Así pues, Jorge estaba decidido a derribar el poder de Augusto y usaba todo
el poder de su labia para lograrlo. Su ojo sabía dónde mirar, su mano qué
describir, su boca cómo decirlo y su cerebro cuándo dispararlo.
Augusto, por su parte, se lo tomaba con calma, era un frío calculador y sus
computaciones ya habían ideado la estrategia para deshacer el poder de
Jorge, y junto con él al de todos los jóvenes.
Las armas de cada uno, astucia contra malevolencia, ya empezaban su
ráfaga descarnada. La del joven era visceral y confrontacional, la del vetusto
era subliminal y de largo alcance. Jorge fue la voz de los 80’ y logró con su
poder que la voz de toda una generación fuera la suya y que pregonara la
caída del despreciable veterano. Si bien los ánimos estaban caldeados,
Augusto seguía impertérrito, ya había presionado el botón de su arma de
destrucción masiva, era tan solo cuestión de tiempo para que sus
consecuencias fueran sentidas por Jorge y su humilde existencia.
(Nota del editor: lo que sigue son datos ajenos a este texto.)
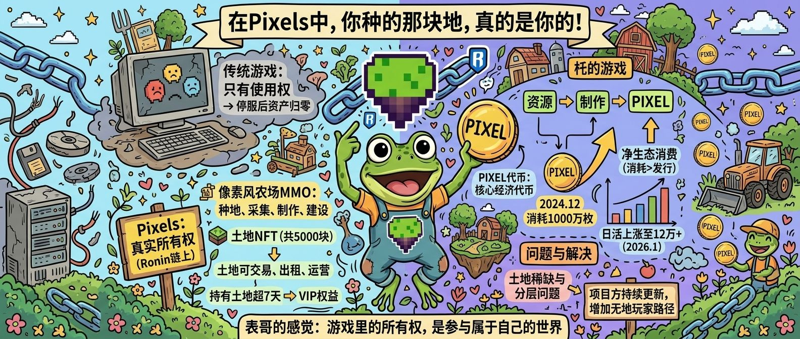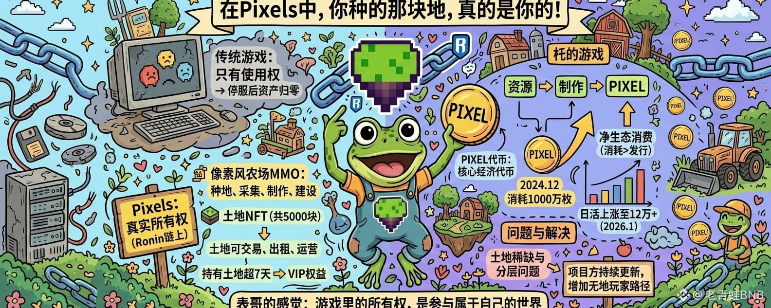 Pixels是一款跑在Ronin链上的像素风农场MMO,玩法说起来不复杂,种地、采集、制作道具、建农场,但它跟你以前玩过的游戏有一个根本上的不同,就是你在里面拥有的东西是真实的资产,不是存在某家公司服务器上、哪天说删就删的数据。游戏里的土地是NFT,总共只有5000块,每一块的所有权都记在链上,买了之后可以在Ronin Market上交易,可以出租给别的玩家,可以自己运营,更关键的是,就算哪天游戏真的停了,你的地还在链上,没有任何一家公司能单方面把它从你手里拿走,这跟传统游戏里那个使用权完全不同。
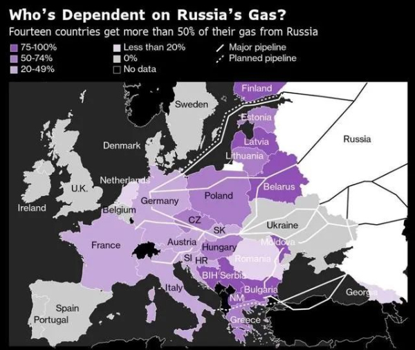 (示意圖:歐洲各國(guó)對(duì)俄羅斯天然氣的依賴,顏色越深,依賴度越高)
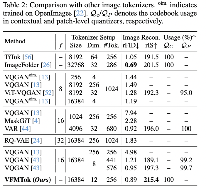 - 更好的图像重建质量:相较于传统的视觉 Tokenizer,VFMTok 可以用更少的 token 数量(仅用 256 个)实现更优的重建质量(0.89 rFID, 215.4 rIS)和更高的码本利用率 (100%),超越了之前大部分传统的离散 Tokenizers。

Augusto siempre supo que la única amenaza para su señorío era la fuerza
rebelde y bullente de la juventud, de modo que a ella dirigió sus dardos.
Habían descubierto un arma bioquímica llamada cocaína, la cuál era capaz
de llegar a lo más recóndito del alma humana, para consumir a los individuos
desde adentro. Sea pues, se dijo Augusto, he ahí el remedio para la voz de
los 80’.
Fue entonces que Jorge conoció a la horma de su zapato: sería su propia
voz interior la que destruiría al clamor de su indignación. La cocaína ya había
comenzado a reptar por los senderos de su sangre para abrirse paso hasta
su alma misma. Y junto con su espíritu, su voz se apagó y calló. El mismo
había augurado su futuro, desde un comienzo estaba destinado a ser un
prisionero de Augusto y su sombra.
Finalmente Jorge cayó, Augusto lo supo y no se inmutó, siguió con su
macabra obra que llamamos su vida. Jorge se sumió en la oscuridad de la
drogadicción y el dinero. Su canto por la rebeldía y la anarquía se extinguió,
y luego de una muerte pasajera, resucitó para cantarle a su nuevo enemigo:
el yo interior.
Ahora fue el turno de que Augusto dejase su podio, y Jorge sí se alegró, vaya
que se alegró. Augusto no sintió ese golpe, era el resto el que tenía que sentir
y resentirse con sus golpes, él era de hierro, como su amiga la Inglesa, así
que no le entraban balas.
Pasaron una década y media, y tanto Jorge como Augusto eran ya estatuas
de bronce. Ambos vieron como la generación de los 80’ y todas las
posteriores caían una a una ante el arma bioquímica de destrucción masiva.
El joven que ahora era viejo sintió un remezón y escalofríos. El viejo que
ahora era una reliquia de colección, esta vez sonrió y se alegró: ésta había
sido su victoria y lucha real, no la pelea infantil con Jorgito, su lucha era contra
el vitalismo y para eso implantó en la sociedad la drogadicción. ¿Qué podía
hacer un músico, o mil, para avivar los corazones y el sentimiento de las
almas, si no quedaba corazón para remecer, si no había alma para luchar?
El espíritu de la nación ya nunca más sería rojo, ahora era pálido al igual
que la cocaína. El corazón se había ido, y con él el germen de la rebeldía.